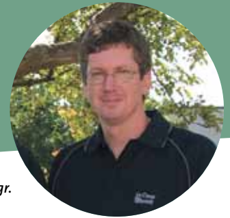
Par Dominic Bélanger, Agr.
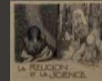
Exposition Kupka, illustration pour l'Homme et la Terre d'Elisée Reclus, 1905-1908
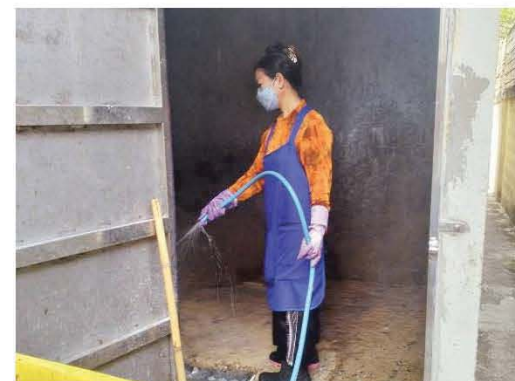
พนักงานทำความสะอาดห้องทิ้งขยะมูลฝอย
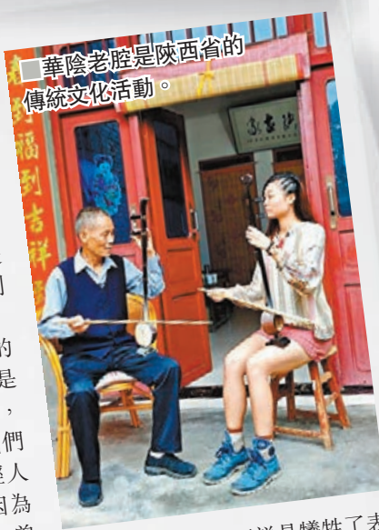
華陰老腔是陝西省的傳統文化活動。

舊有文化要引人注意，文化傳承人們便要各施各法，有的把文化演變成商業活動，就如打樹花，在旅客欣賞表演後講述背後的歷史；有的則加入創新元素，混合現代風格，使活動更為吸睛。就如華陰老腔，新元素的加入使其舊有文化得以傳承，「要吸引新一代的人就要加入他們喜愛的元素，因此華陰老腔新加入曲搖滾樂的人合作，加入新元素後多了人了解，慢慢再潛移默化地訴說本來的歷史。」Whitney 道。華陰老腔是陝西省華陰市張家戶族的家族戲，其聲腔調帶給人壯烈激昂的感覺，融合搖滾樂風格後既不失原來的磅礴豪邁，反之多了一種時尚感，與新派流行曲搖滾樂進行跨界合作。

#####

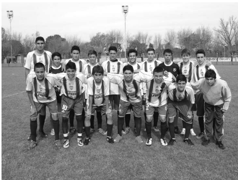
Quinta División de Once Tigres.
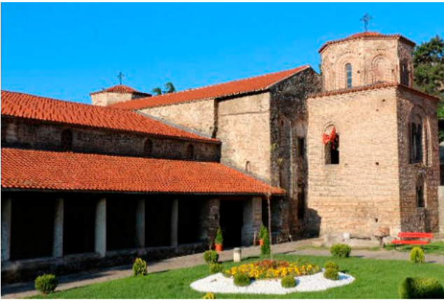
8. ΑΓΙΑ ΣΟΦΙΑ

#####

What you need to do:
Give back exactly the lines above from the one with "Par Dominic Bélanger, Agr." through the one with "舊有文化要引人注意，文化傳承", both included. Pictures don't belong in the copy.

Result:
Par Dominic Bélanger, Agr.
Exposition Kupka, illustration pour l'Homme et la Terre d'Elisée Reclus, 1905-1908
พนักงานทำความสะอาดห้องทิ้งขยะมูลฝอย
華陰老腔是陝西省的傳統文化活動。

舊有文化要引人注意，文化傳承人們便要各施各法，有的把文化演變成商業活動，就如打樹花，在旅客欣賞表演後講述背後的歷史；有的則加入創新元素，混合現代風格，使活動更為吸睛。就如華陰老腔，新元素的加入使其舊有文化得以傳承，「要吸引新一代的人就要加入他們喜愛的元素，因此華陰老腔新加入曲搖滾樂的人合作，加入新元素後多了人了解，慢慢再潛移默化地訴說本來的歷史。」Whitney 道。華陰老腔是陝西省華陰市張家戶族的家族戲，其聲腔調帶給人壯烈激昂的感覺，融合搖滾樂風格後既不失原來的磅礴豪邁，反之多了一種時尚感，與新派流行曲搖滾樂進行跨界合作。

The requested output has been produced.